WHAT IS REQUIRED: Look below for the line that contains "Lyrics of Party" and the line that contains "Im Mai 2025", then restate both of them and every line in between, exactly. No picture goes in the copy.

INPUT MATERIAL:
╭──

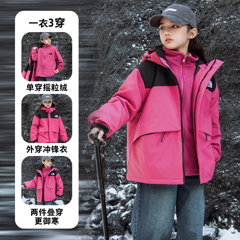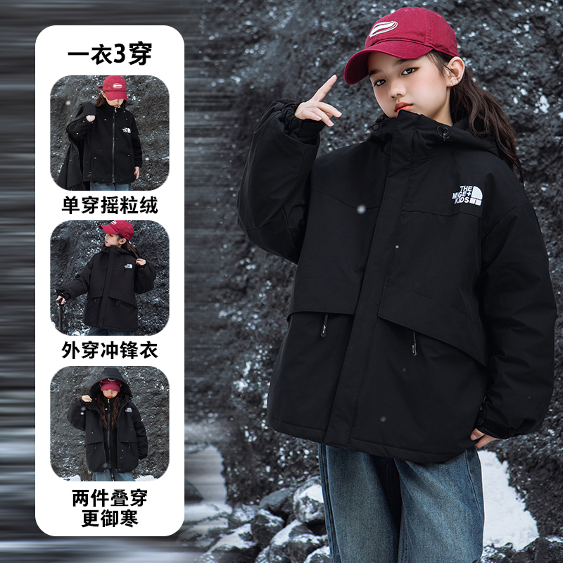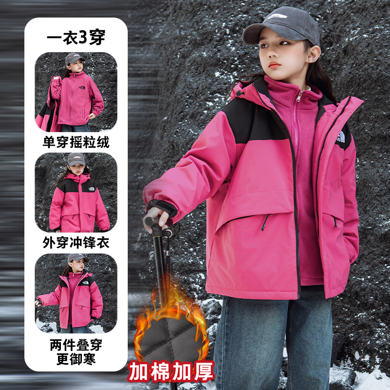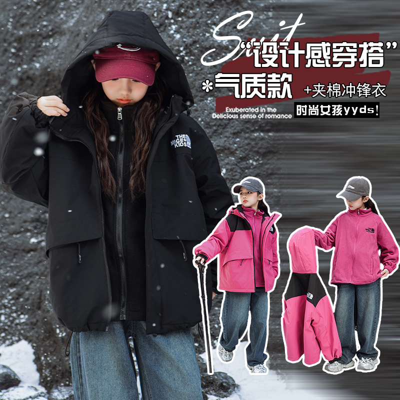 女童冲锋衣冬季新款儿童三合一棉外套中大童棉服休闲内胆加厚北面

╰──
╭──

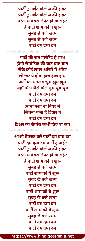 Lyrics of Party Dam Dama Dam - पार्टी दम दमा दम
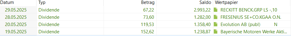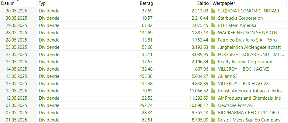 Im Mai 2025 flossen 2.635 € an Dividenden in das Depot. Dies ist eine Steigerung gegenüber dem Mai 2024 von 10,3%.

╰──

PROBLEM SOLUTION:
 Lyrics of Party Dam Dama Dam - पार्टी दम दमा दम
 Im Mai 2025 flossen 2.635 € an Dividenden in das Depot. Dies ist eine Steigerung gegenüber dem Mai 2024 von 10,3%.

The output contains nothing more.